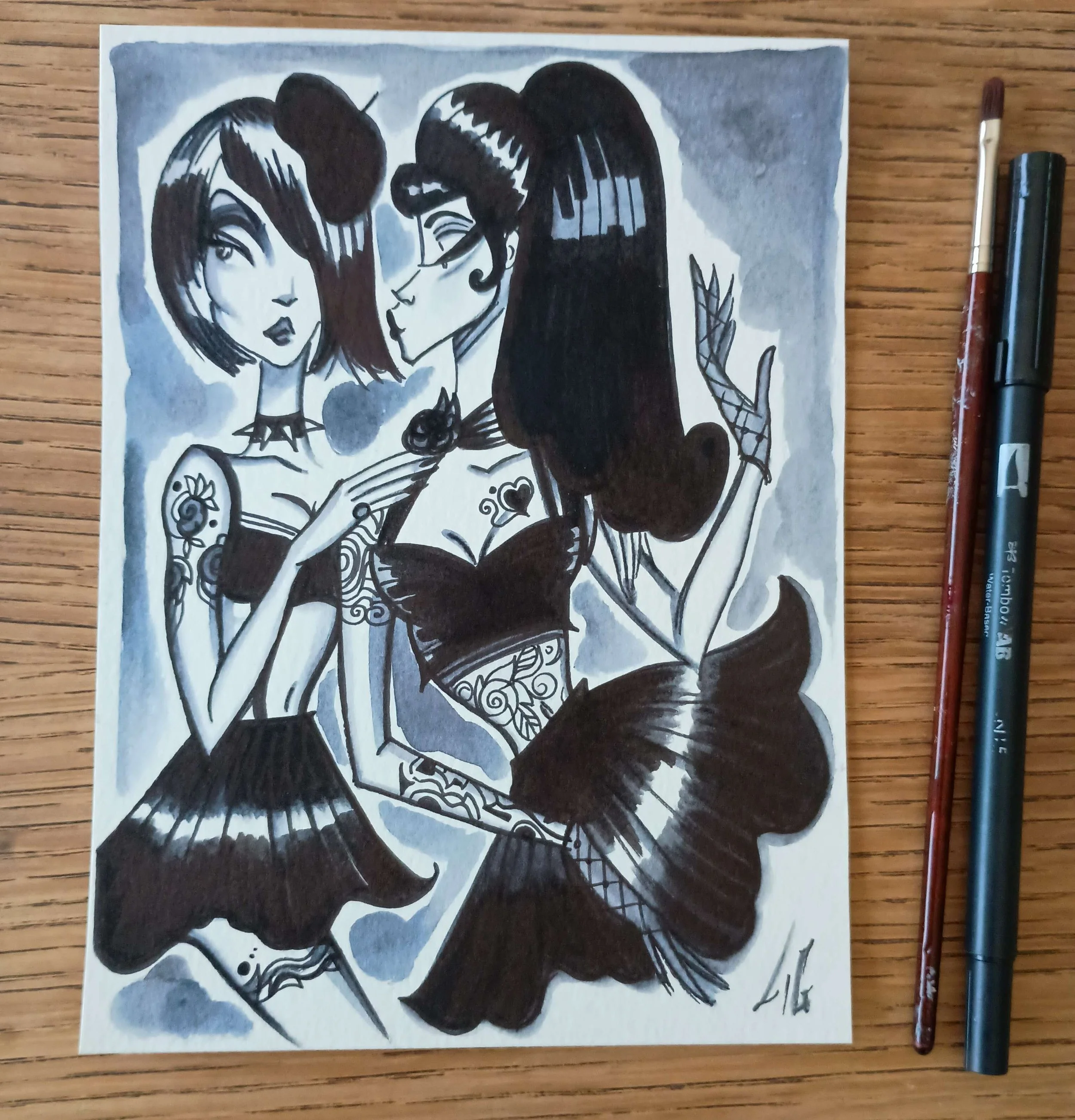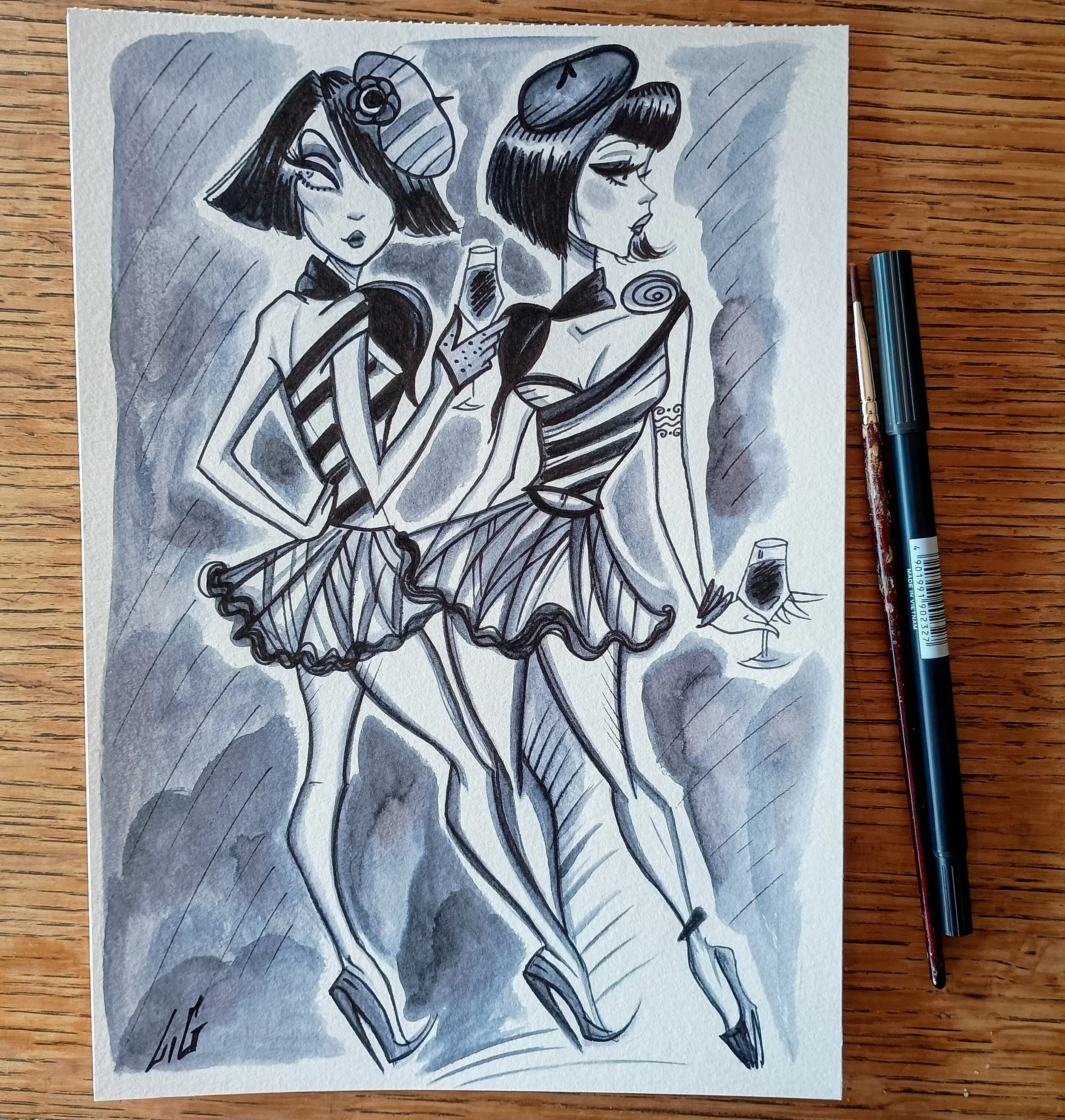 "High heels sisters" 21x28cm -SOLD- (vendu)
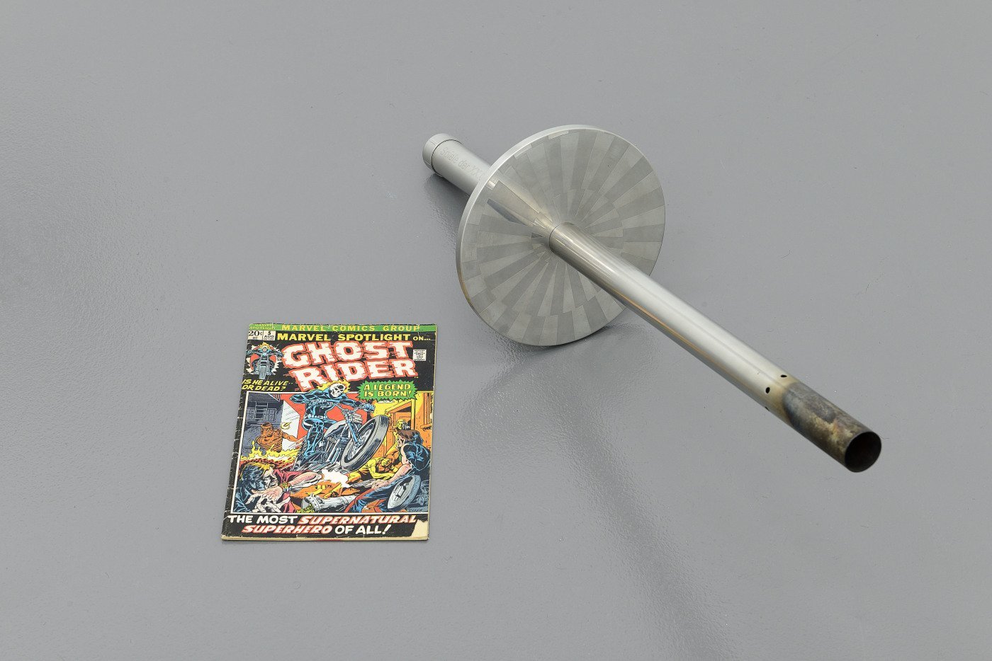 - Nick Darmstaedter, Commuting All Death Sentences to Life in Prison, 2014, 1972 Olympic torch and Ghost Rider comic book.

##########

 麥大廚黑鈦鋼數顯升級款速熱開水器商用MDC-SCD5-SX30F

##########

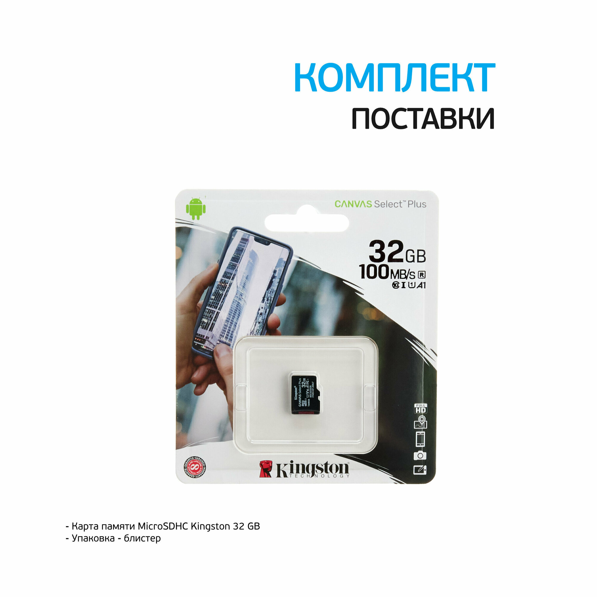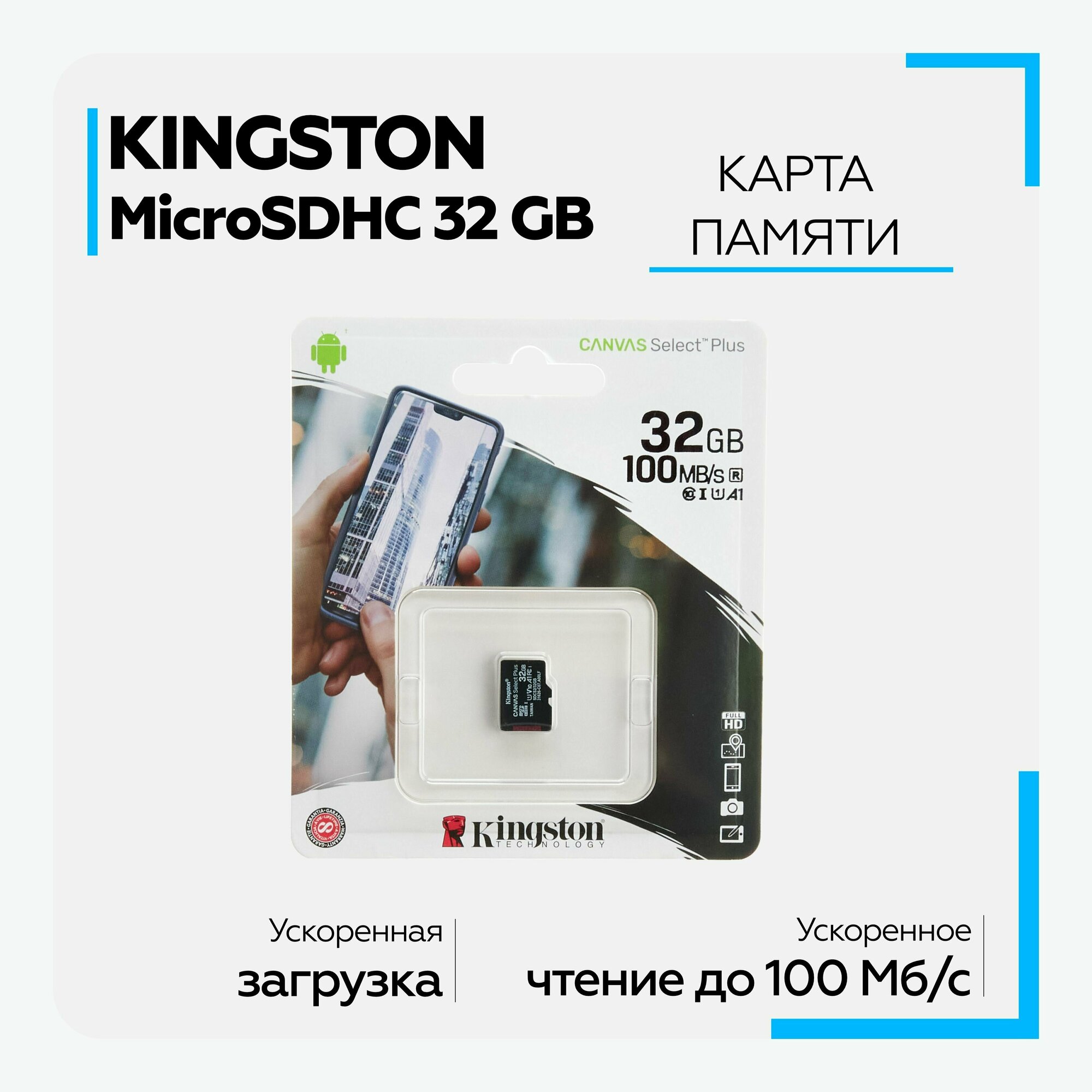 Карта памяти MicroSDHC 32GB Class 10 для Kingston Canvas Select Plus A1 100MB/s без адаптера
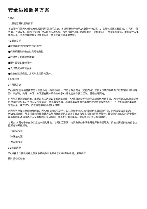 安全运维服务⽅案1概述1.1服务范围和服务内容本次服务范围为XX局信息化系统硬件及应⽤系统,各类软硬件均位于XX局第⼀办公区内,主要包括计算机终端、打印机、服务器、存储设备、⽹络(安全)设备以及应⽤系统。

##########

Exercise: Look above for the line containing "Карта памяти MicroSDHC" and the line containing "安全运维服务⽅案1概述1.1", then reproduce both and everything between them exactly, pictures omitted.

Exercise answer:
 Карта памяти MicroSDHC 32GB Class 10 для Kingston Canvas Select Plus A1 100MB/s без адаптера
 安全运维服务⽅案1概述1.1服务范围和服务内容本次服务范围为XX局信息化系统硬件及应⽤系统,各类软硬件均位于XX局第⼀办公区内,主要包括计算机终端、打印机、服务器、存储设备、⽹络(安全)设备以及应⽤系统。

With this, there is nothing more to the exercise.